Red Cross Recovery Casework

I guess it's time for an update now that I have some time to come up for air. A lot has happened since the last time I posted about volunteering with the Red Cross. I was recently interviewed on the Whom It May podcast about volunteering, as well as amateur radio and weather balloons. Things have been so crazy that I actually got the timetable wrong on that podcast when talking about my deployments. 
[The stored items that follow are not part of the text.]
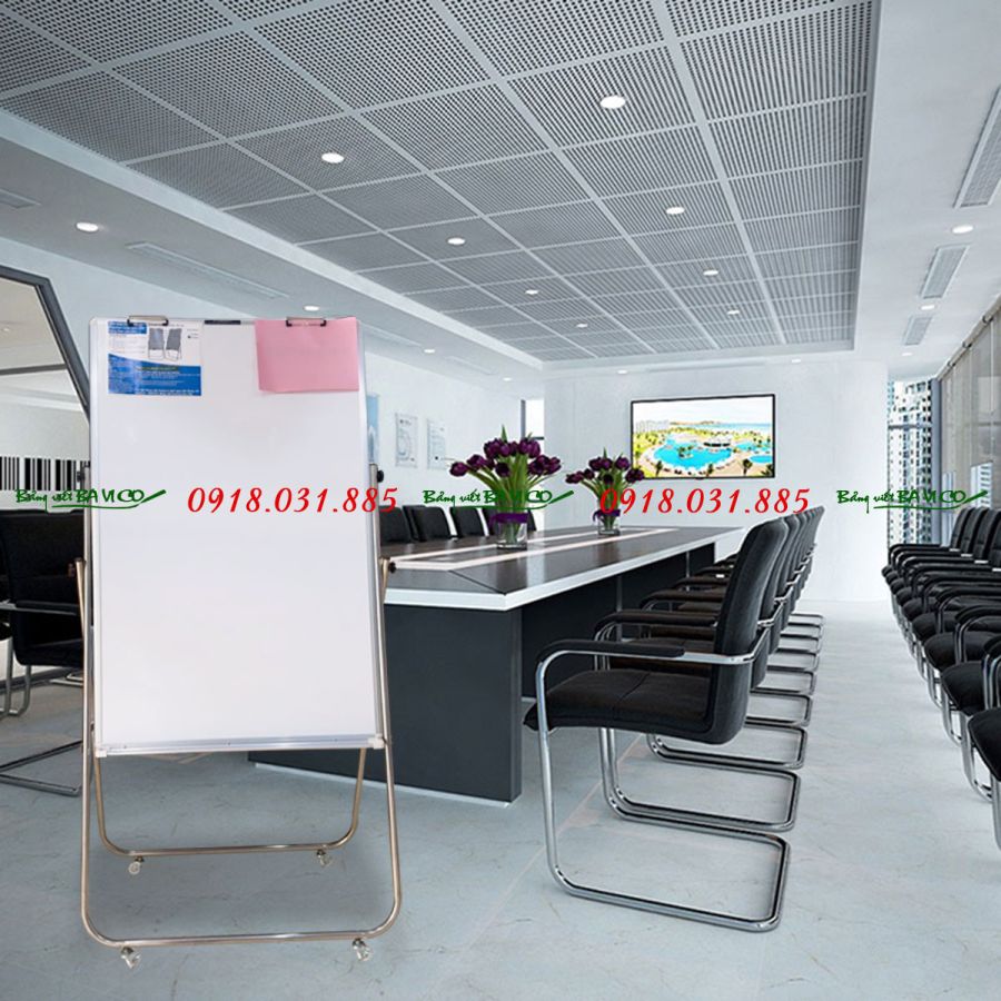 Bảng trắng có chân inox xếp gọn kết hợp kẹp giấy không chỉ là thiết bị hỗ trợ giảng dạy mà còn dùng được cho các buổi họp, thuyết trình tại các công ty.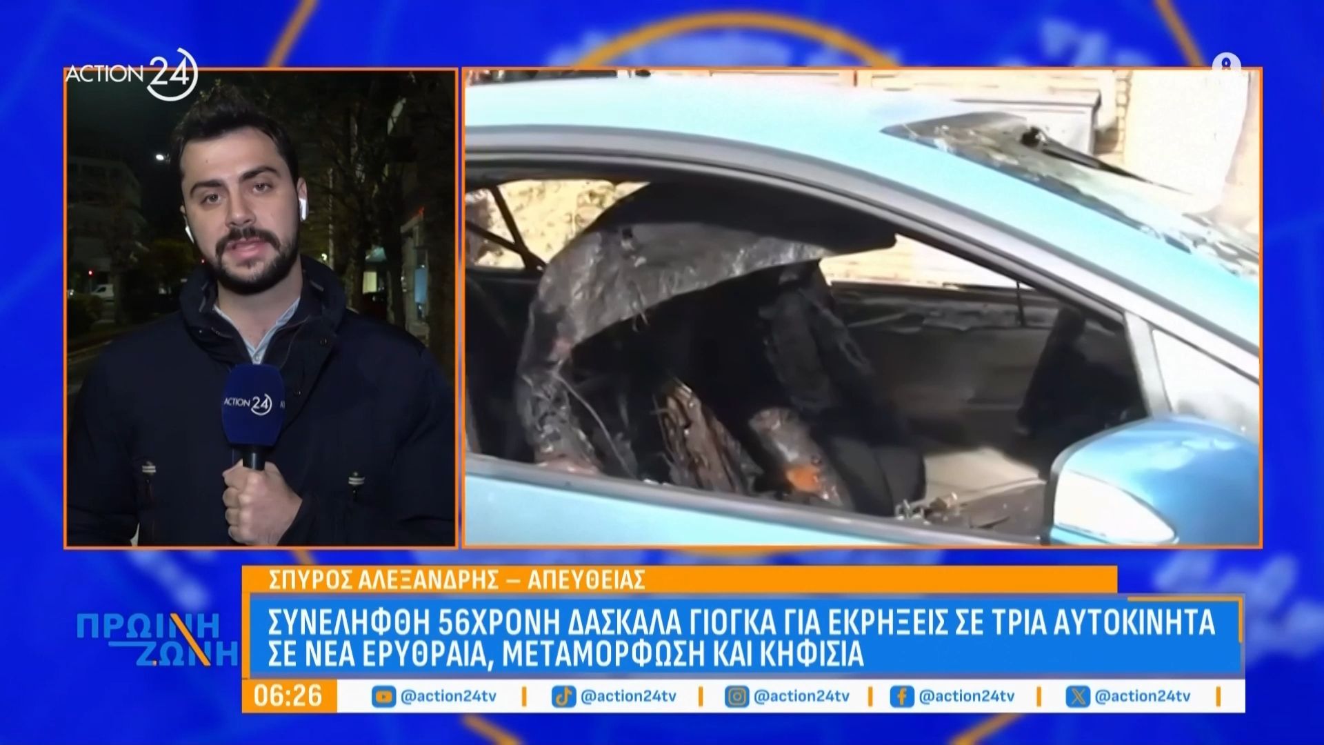 Συλλήψεις στην Αττική μετά από εκρήξεις σε οχήματα, με 56χρονη δασκάλα γιόγκα ως βασική ύποπτη και έρευνες για πιθανούς συνεργούς, ανησυχία στους πολίτες.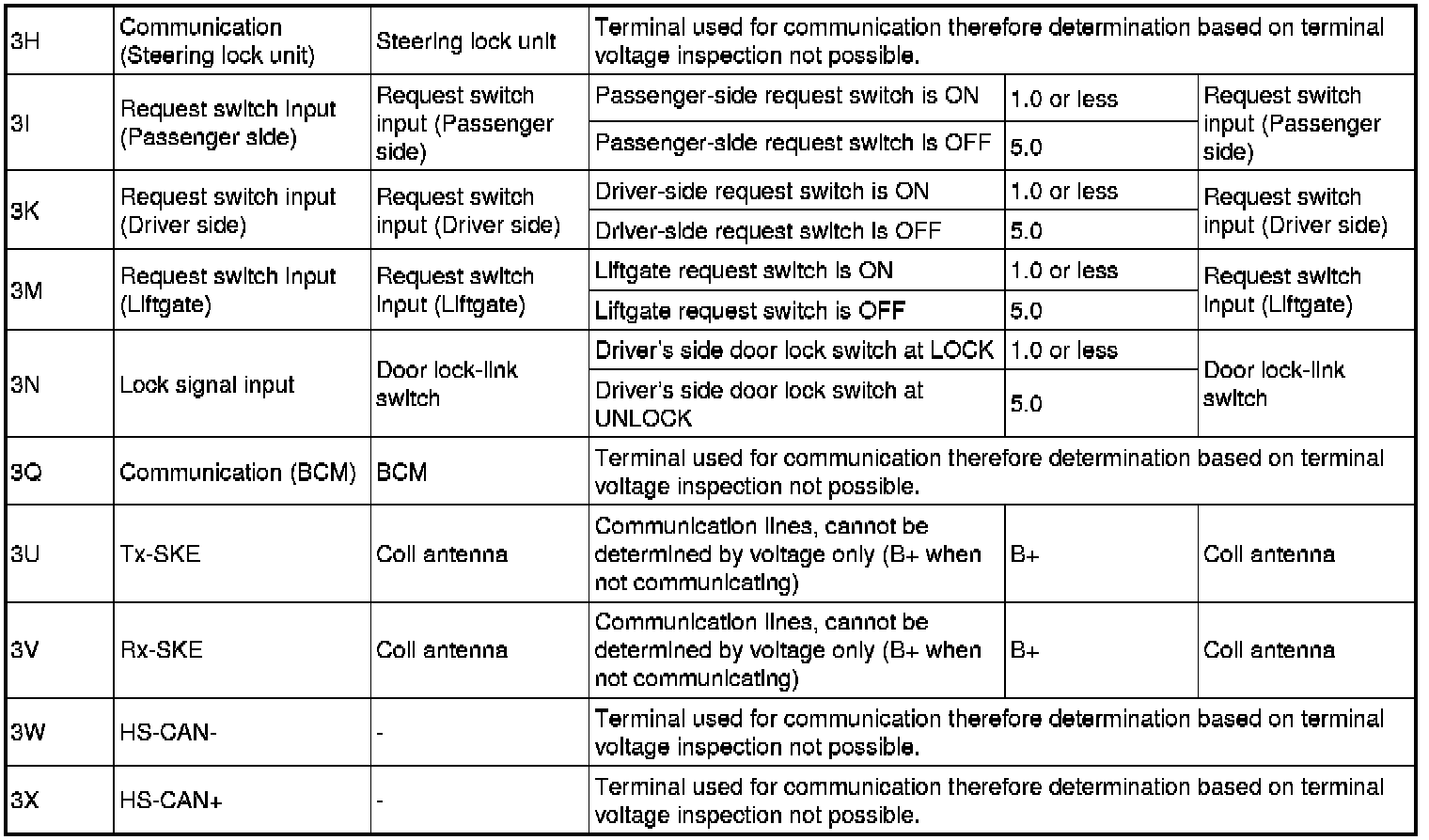 - If the voltage is not as specified in the Terminal Voltage Table (Reference), inspect the parts under "Inspection item(s)" and related wiring harnesses.

As I sit here typing, I am virtually deployed on a Red Cross disaster relief operation. I am doing recovery casework, doing phone interviews and discussions with clients who have experienced damage from Hurricane/Tropical Storm Zeta in Georgia. As a recovery caseworker, I help them identify roadblocks to recovery and point them to resources and funds to overcome those roadblocks and move into a stable housing situation. Before this, I had spent two weeks in New Orleans doing recovery casework as well. I was contacted by someone here at the Red Cross in Georgia who asked if I would like to deploy doing something completely new. I didn't even have the training for it at the time and didn't know what to expect, but I ended up liking it so much that I took the courses required to get the GAP (Group/Activity/Position) for it right there at the hotel in New Orleans one evening. Now I've moved it near the top of my list of GAPs to make sure it's one for which I get deployed again. I think I may also be doing this during steady state or "blue sky", when there are no large scale emergencies. The Red Cross has Disaster Action Teams that respond locally to things like single family fires and apartment fires. After the initial responders on scene talk to the families and collect information, things are turned over to recovery caseworkers to begin that process. It is often mentally and emotionally draining, but it is one of the most rewarding things I have ever done, and I enjoy the challenge of learning something new and trying to be good at it.